Pierrot (Gilles) 1719
The most enigmatic of Watteau's paintings and the one most discussed by later critics. A large figure in the white silk costume of the commedia dell'arte character Pierrot stands frontally in the centre of the canvas, his arms hanging loosely at his sides, his face wearing an expression of almost total blankness. Behind and below him, on a slope, four smaller figures from the Italian comedy — a doctor, an actor in a black mask, a woman, a man on a donkey — cluster in lively conversation, seemingly ignoring him. Pierrot is at once the central figure of the painting and completely marginalised. The canvas is large — 184 by 150 centimetres — and hangs in the Louvre.

Gersaint's Shopsign 1721
Watteau's last major work, painted in eight days in the autumn of 1720 for his friend Gersaint's art dealership on the Pont Notre-Dame in Paris. It is a large horizontal canvas — 166 by 306 centimetres in total — showing the interior of the shop: customers examining paintings on the wall, a female figure kneeling to look at a painting being shown to her, and a packing crate on the floor into which a portrait of Louis XIV is being placed. The king, dead since 1715, is being packed away — the old order filed under miscellaneous. Watteau died seven months after painting it. It hangs in the Charlottenburg Palace in Berlin.

Italian Comedians 1720
A late work, probably one of the last canvases he completed before his health finally prevented sustained work. A cast of figures in theatrical costume — Pierrot, Harlequin, Mezzetin, a doctor, a scaramouche — stand on a stage taking their bow before a theatre curtain. The composition is more frontal and more theatrical than his fête galante paintings, closer to a cast portrait than a scene. The light falls from above, slightly theatrical. The figures look out at the viewer with varying degrees of invitation and resignation. It is one of the most concentrated summaries of his obsession with theatre as a condition rather than a subject.

The Pleasures of the Ball 1714
An early and unusually large work — 52 by 65 centimetres — showing an outdoor festivity in the colonnaded courtyard of an imaginary palace. Figures in silk damask and plumed hats dance, converse, and observe.
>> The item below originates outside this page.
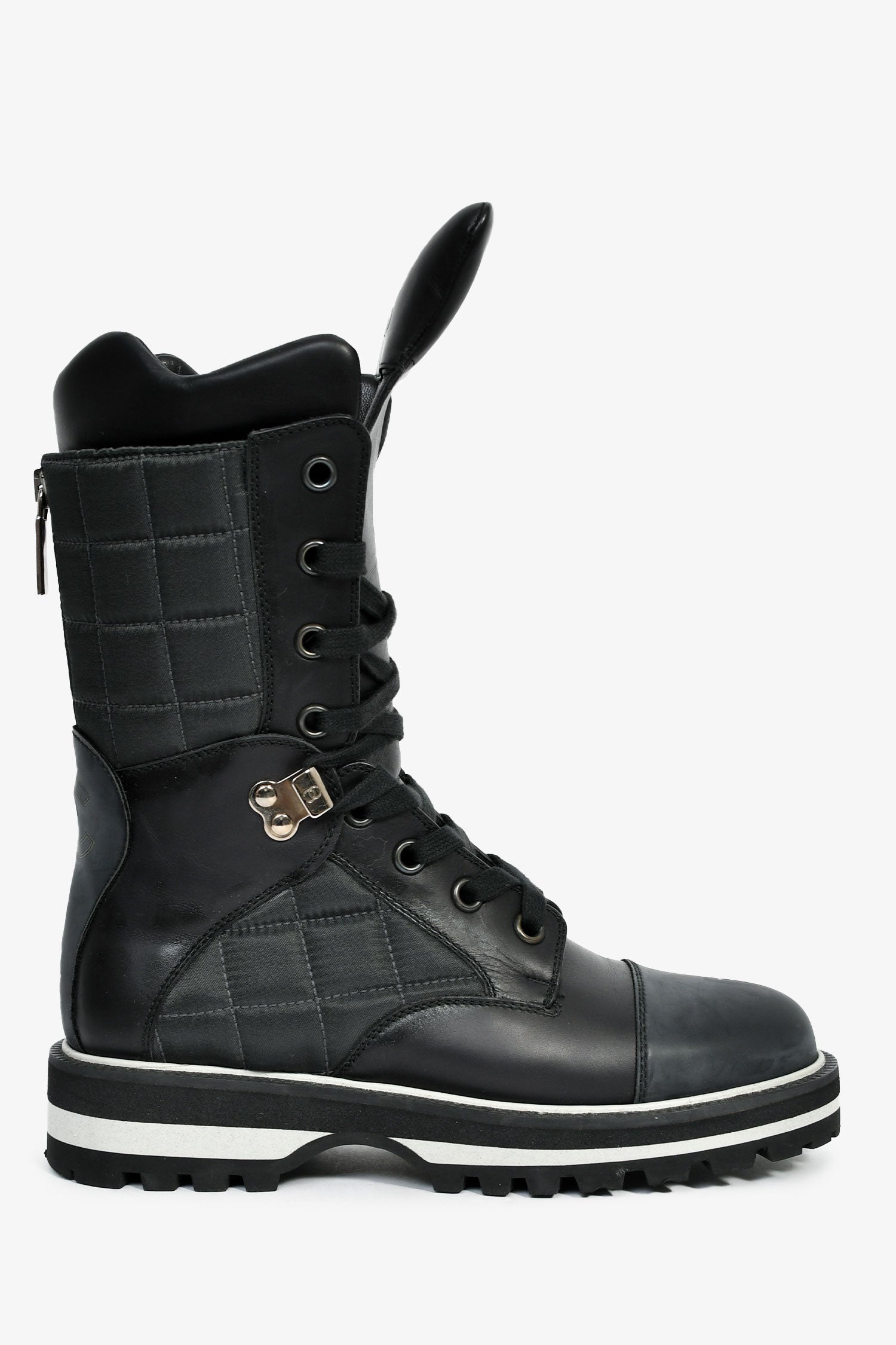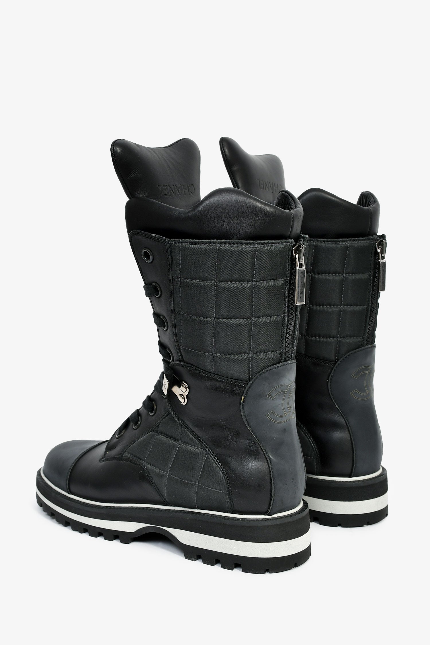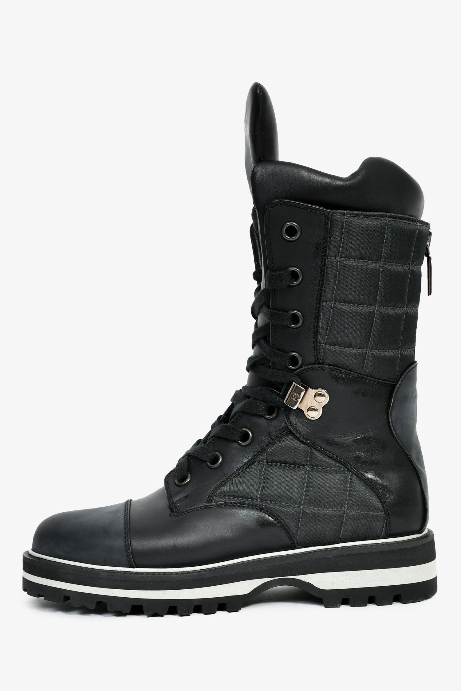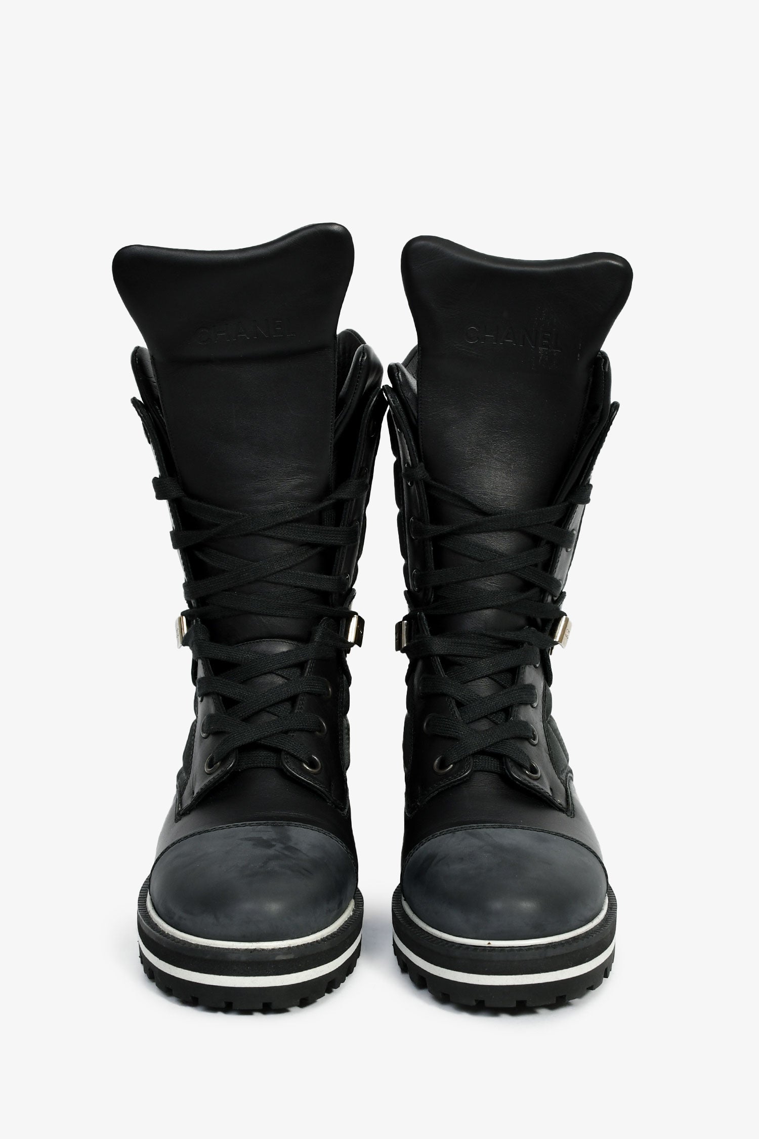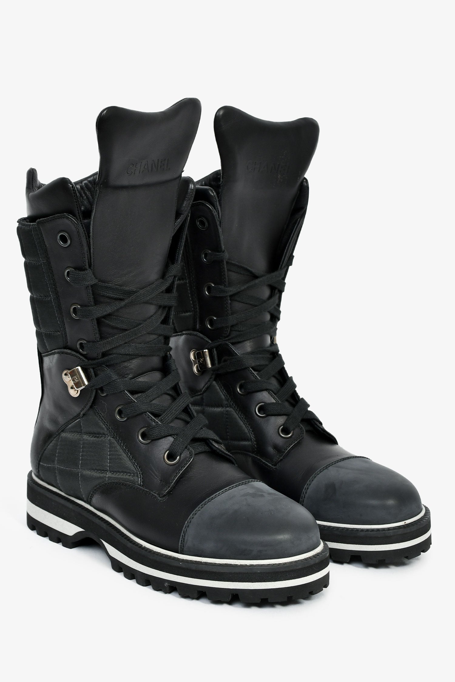 Refresh availabilityPre-Loved Chanel™ Black Leather CC Logo Combat Boots. Pull-on. Round toe. Lace-up closure. Silver-tone hardware. Tonal stitching.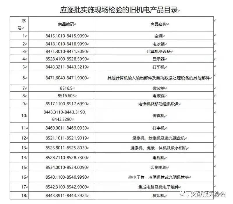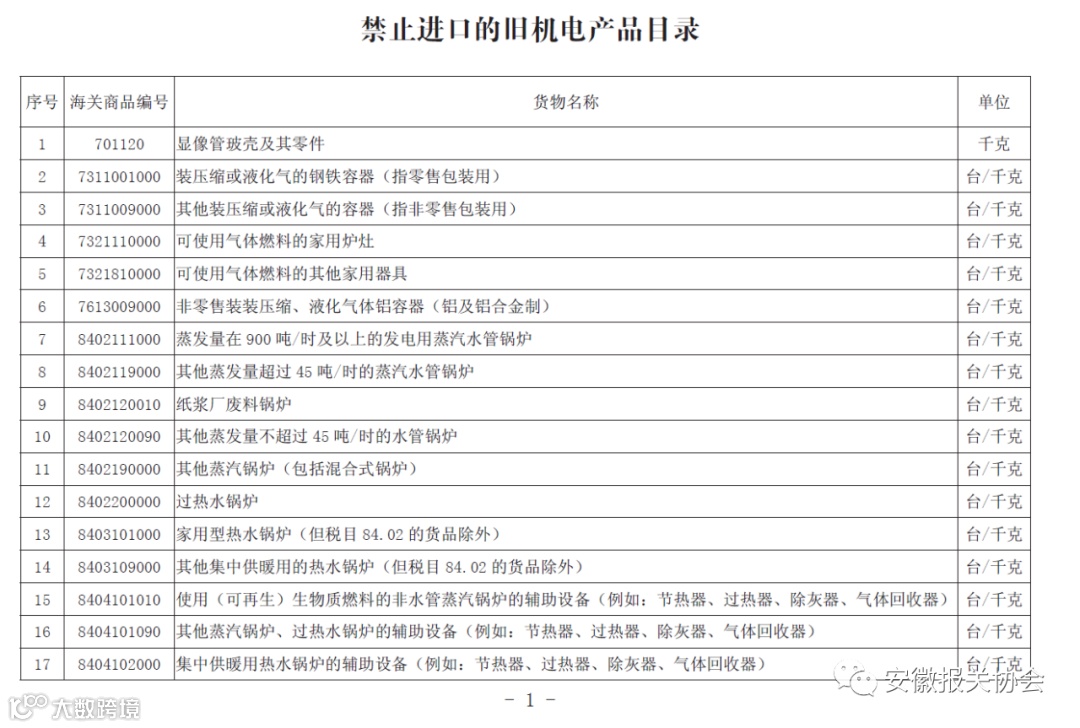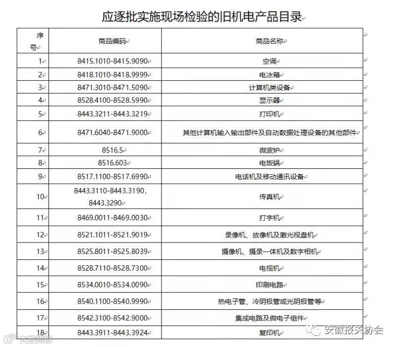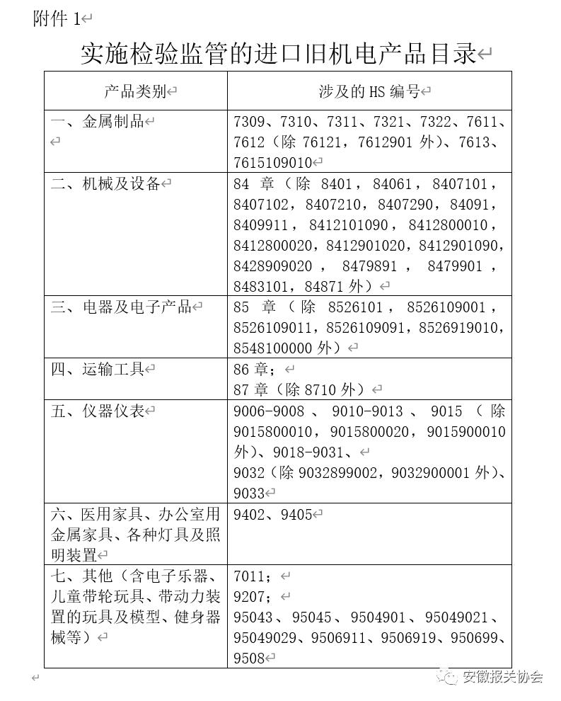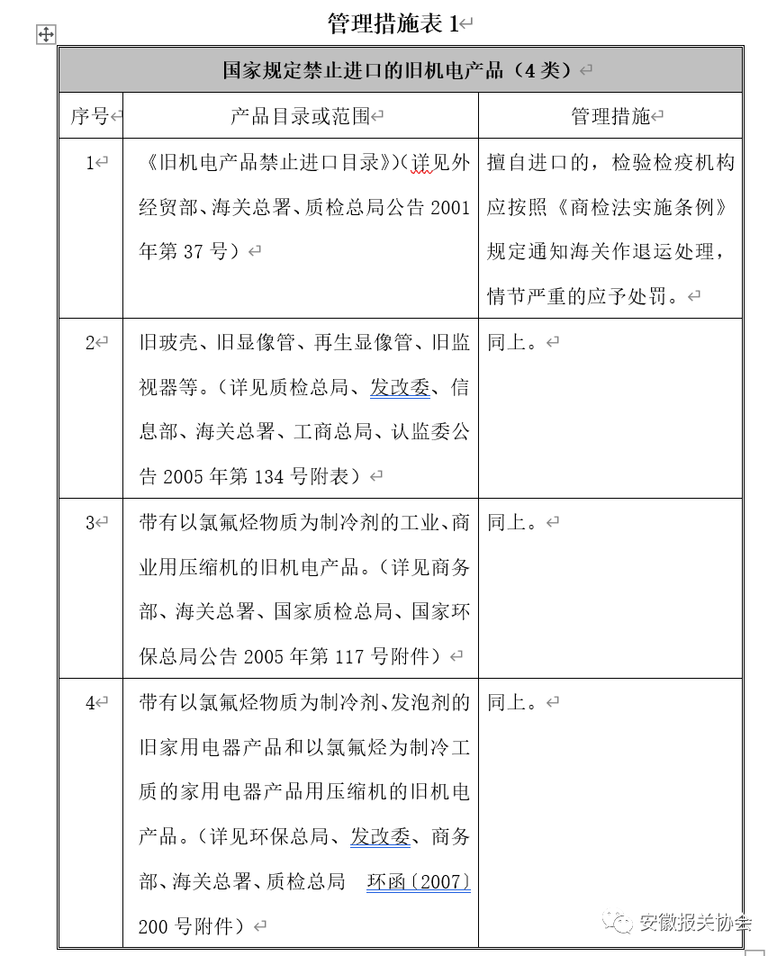商务部海关总署2018年第106号《公布禁止进口的旧机电产品目录调整有关事项》,公布了《禁止进口旧机电产品目录》,至此原质检总局公布的《检验监管措施清单》管理措施表1第1项的产品范围进行了调整,列入目录内的旧机电产品禁止进口。

The setting is more architectural than in most of his mature work, the columns clearly inspired by Rubens's decorative backgrounds. A musician plays at the right; couples drift through the middle ground. The painting already shows Watteau's characteristic handling of silk — the white, rose, and gold of the women's dresses each rendered with a different brushstroke pattern — and his ability to construct a large multi-figure scene without ever giving it a narrative.